What do you see nurses, what do you see?
Are you thinking when you are looking at me--
A crabby old woman, not very wise,
Uncertain of habit, with far-away eyes.
Who dribbles her food and makes no reply
When you say in a loud voice—“I do wish you’d try.”
Who seems not to notice the things that you do,
And forever is losing a stocking or shoe.
Who unresisting or not, lets you do as you will,
With bathing and feeding the long day to fill.
Is that what you are thinking—is that what you see?
Then open your eyes, nurse, you’re not looking at me.
I’ll tell you who I am as I sit here so still;
As I do at you bidding, as I eat at your will,
I’m a small child of ten with a father and mother,
Brothers and sister, who love one another.
A young girl of sixteen with wings on her feet,
Dreaming that soon now a lover she’ll meet;
A bride soon at twenty—my heart gives a leap.
Remembering the vows that I promised to keep;
At twenty-five now I have young of my own,
Who need me to build a secure, happy home;
A woman of thirty, my young now grow fast,
Bound to each other with ties that should last;
At forty, my young sons have grown and are gone,
But my man’s beside me to see I don’t mourn.
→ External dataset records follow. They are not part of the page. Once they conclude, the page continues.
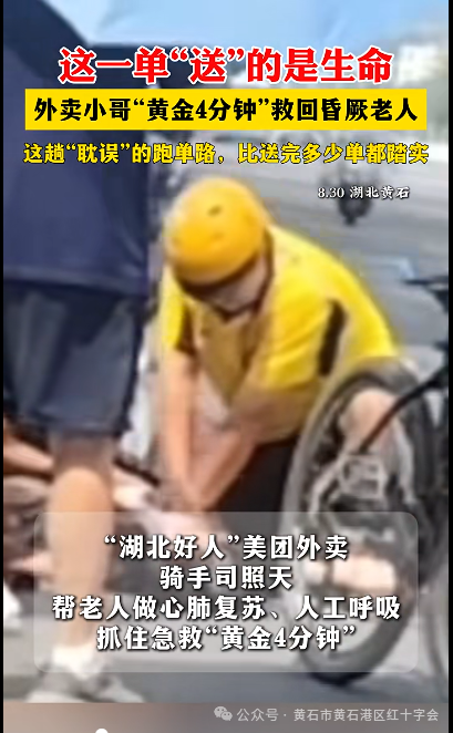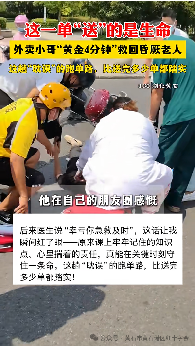 “人人学急救,急救为人人”这一句应急救护知识技能普及的口号在外卖小哥司照天的身上得到了诠释。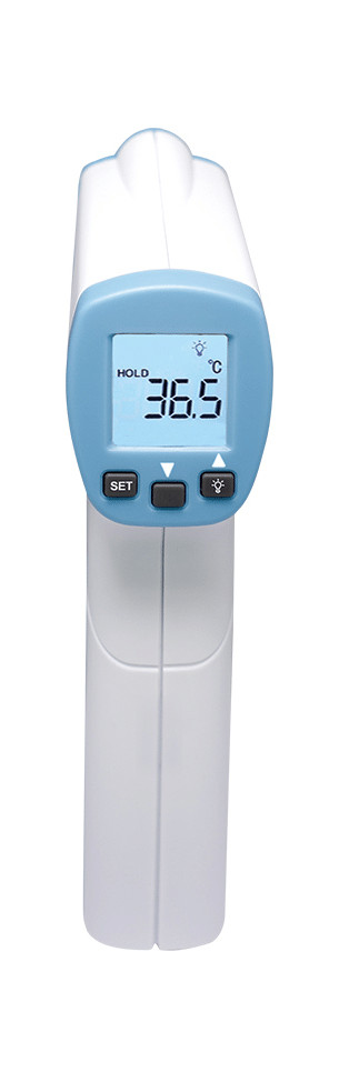 Bekontaktis kūno temperatūrai skirtas matuoti IR termometras. Matuojamos temperatūros diapazonas: +32.0 ... +42.9 °C. Išmatuotai temperatūrai viršijus +37.2°C, termometras išduoda garsinį perspėjimo signalą. Rekomenduojamas temperatūros matavimo atstumas - 5-10 cm.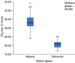 | VO2máx a las 12 horas | Motivo de egreso mejoría n (%) |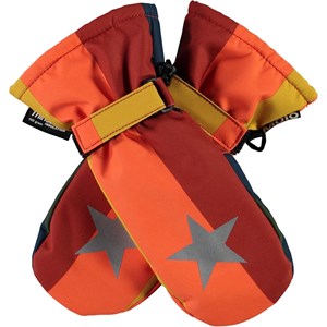 Waterproof, breathable mittens with 3M™ Thinsulate™ insulation. They are in a rainbow print and have star reflectors on top of the hand. They have elastic and adjustable velcro at the wrists. The outer fabric is 51% recycled and made of recycled polyester. The mittens have a water resistant, PFC-free surface treatment (Does not contain, e.g. PFOS, PFOA, etc). Water coloumn pressure: 10.000 mm and breathable: 8.000 g/m2/24hr.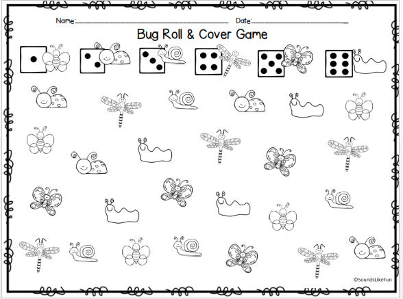 This activity is played like Simon Says, but “Queen Bee” says directions instead of Simon 🙂  This activity can be easily adapted to be more simple, and played without the “Simon Says” component to just work on spatial concepts (Put the bee below the jar;  Put the dragonfly in the jar), but if you need to add a twist to make it a little more challenging, “Queen Bee says” is where it’s at 🙂  I liked that there was just 1 page of bugs to cut out and the jars were just in easy rectangles for cutting out.  Hardly any prep time involved!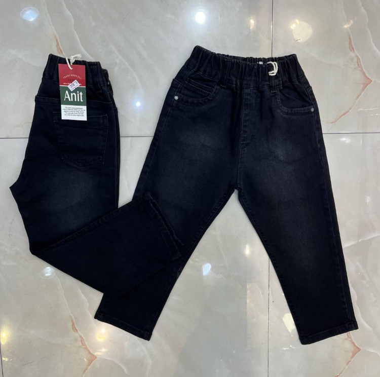 شلوار جین کمرکش با شست جذاب ذغالی بدون رنگ رفت و آبرفت از سایز 3 تا 7 سال می باشد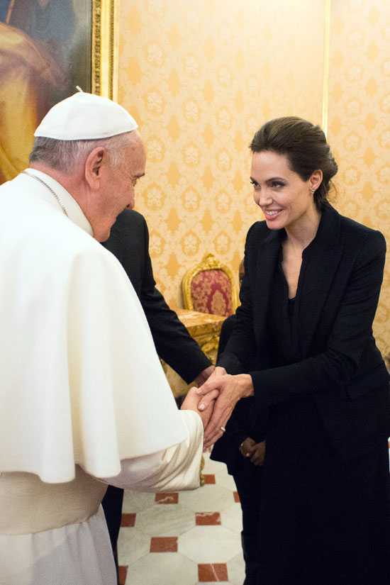 프란치스코 교황이 8일(현지시간) 바티칸에서 여배우 앤젤리나 졸리를 만나 악수를 나누고 있다. 교황은 이날 제2차 세계대전을 소재로 만들어진 영화 '언브로큰'의 바티칸 시사회에 앞서 이 영화를 감독한 졸리를 만났지만 바쁜 일정 때문에 시사회에 참석하지는 않았다. 연합뉴스
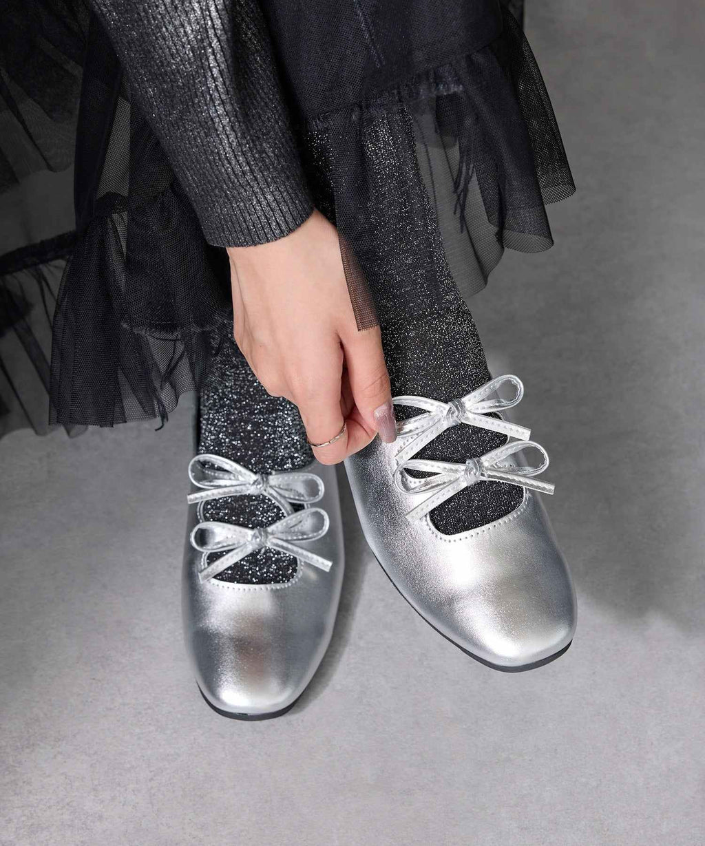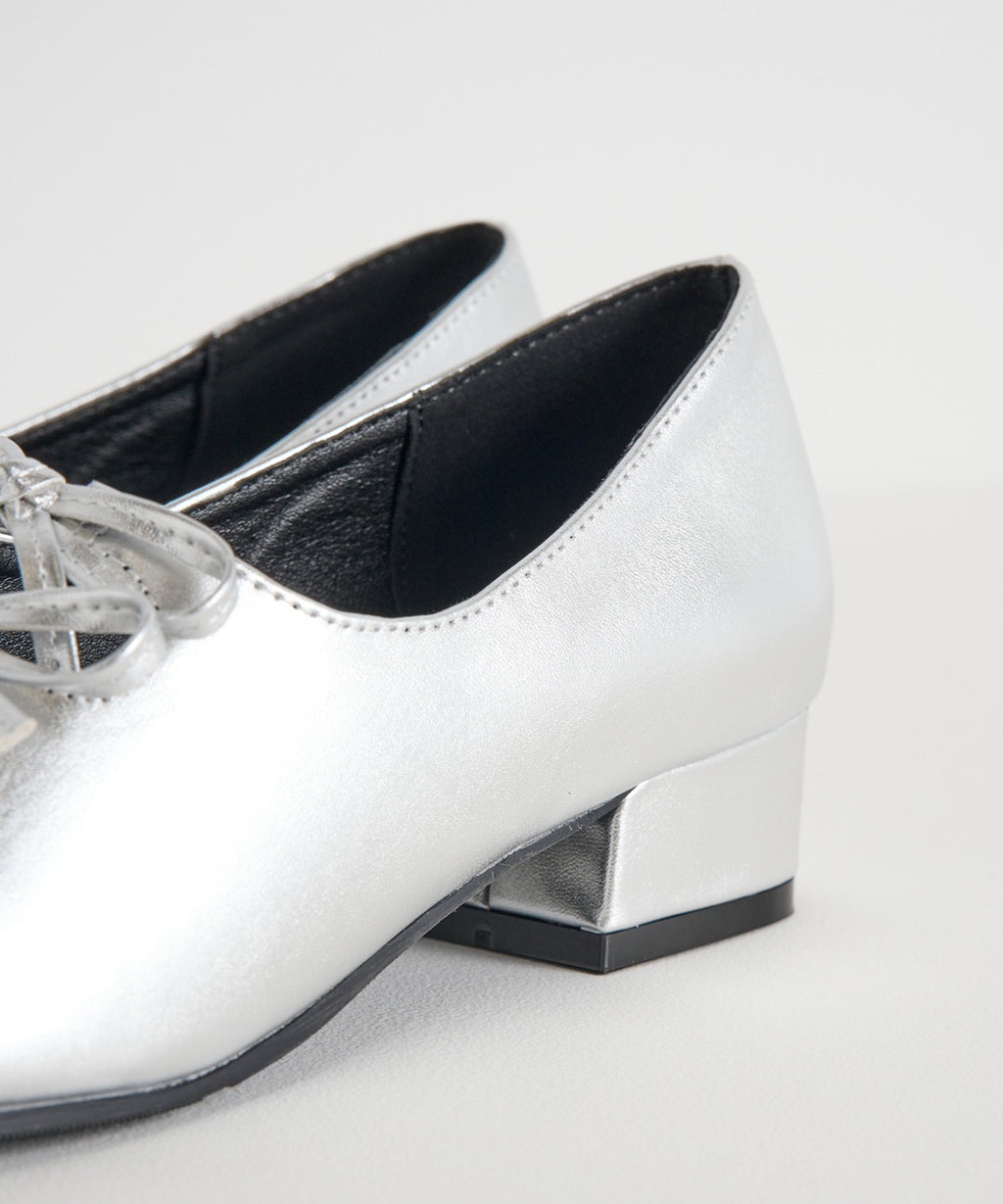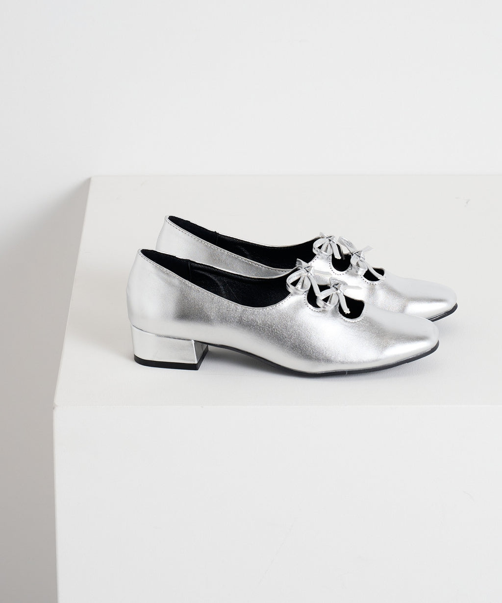 MAISON BREEZE reveur リボン パンプス シルバー ローヒール メタリック フラットシューズ シューズ 靴 エナメル

At fifty, once more babies play round my knee.
Again we know children, my loved one and me.
Dark days are upon me, my husband is dead,
I look at the future, I shudder with dread,
For my young are all rearing young of their own,
And I think of the years and the love that I’ve known.
I’m an old woman now and nature is cruel—
Tis her jest to make old age look like a fool.
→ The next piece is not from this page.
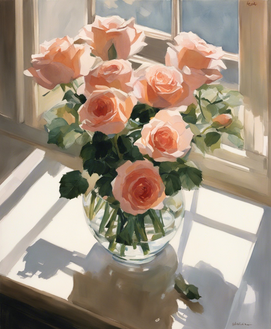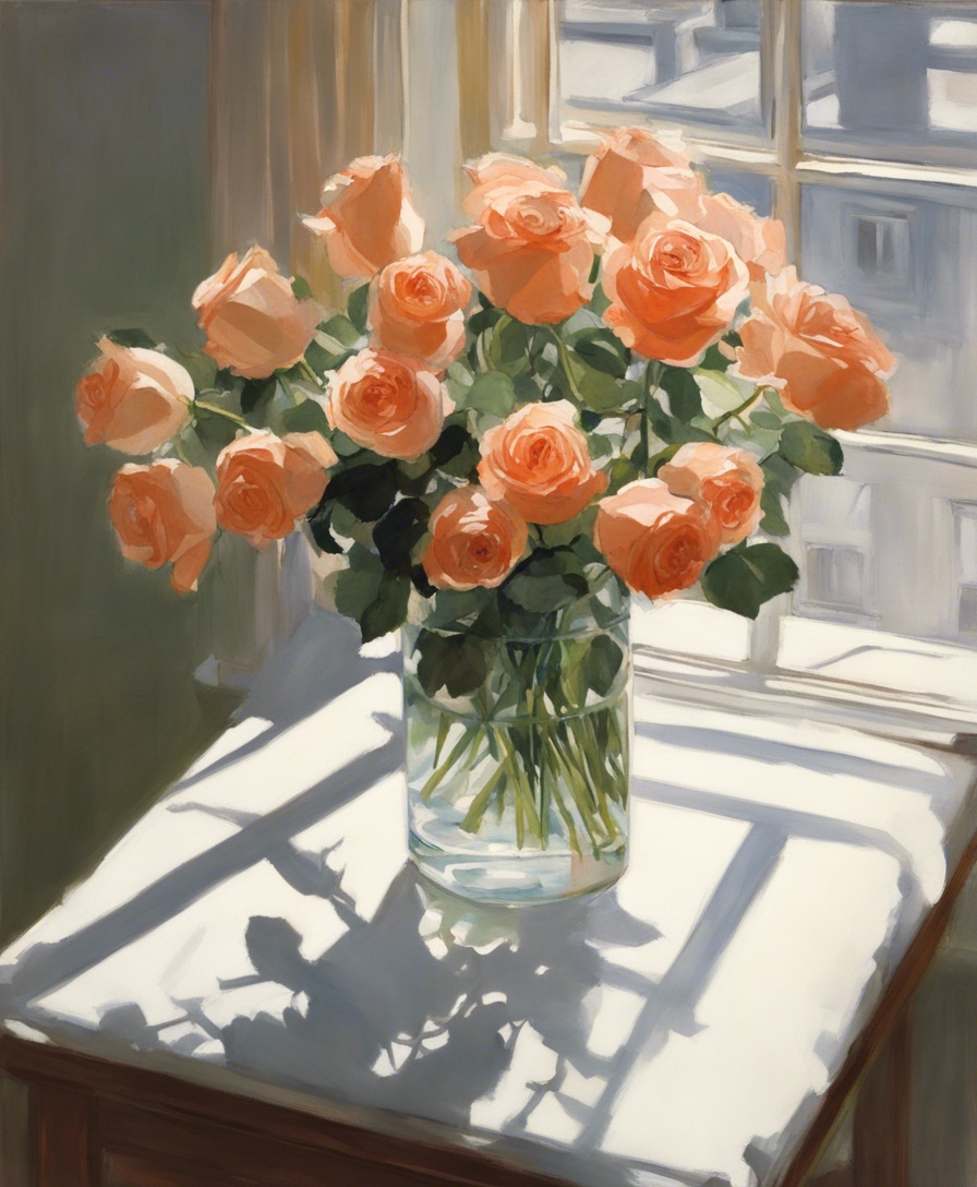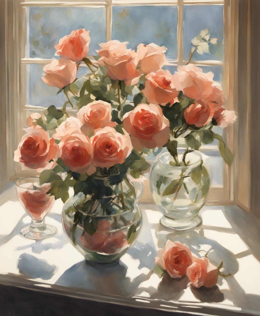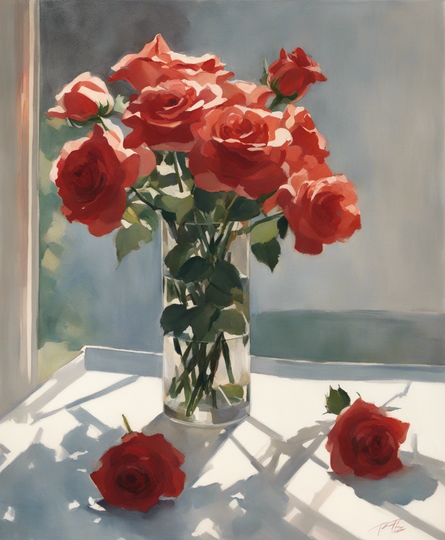 透明感あふれるガラスの花瓶に生けられた薔薇を描いた静物画です。窓辺に置かれた花瓶から差し込む自然光が、花びらの質感や影の美しさを際立たせています。タイトル「午後の光に包まれた薔薇」は、静かな午後の一時を捉え、温かみのある光の中で優雅に咲く薔薇の姿を表しています。画家は緻密な筆使いで花びらの一枚一枚に微妙な色の変化を付け、生命感あふれる表現をしています。ガラスの花瓶の透明感とその中の水、そしてその影は、現実と見紛うほどのリアリティを醸し出しており、絵を通じて観る者に穏やかな時間を感じさせる作品です。

The body it crumbles, grace and vigor depart,
There is now a stone where I once had a heart,
But inside this old carcass a young girl still dwells,
And now and again my battered heart swells,
I remember the joys, I remember the pain,
And I’m loving and living life over again.
I think of the years all too few—gone too fast,
And accept the stark fact the nothing can last.
So open your eyes, nurses, open and see
Not a crabby old woman, look closer, see me!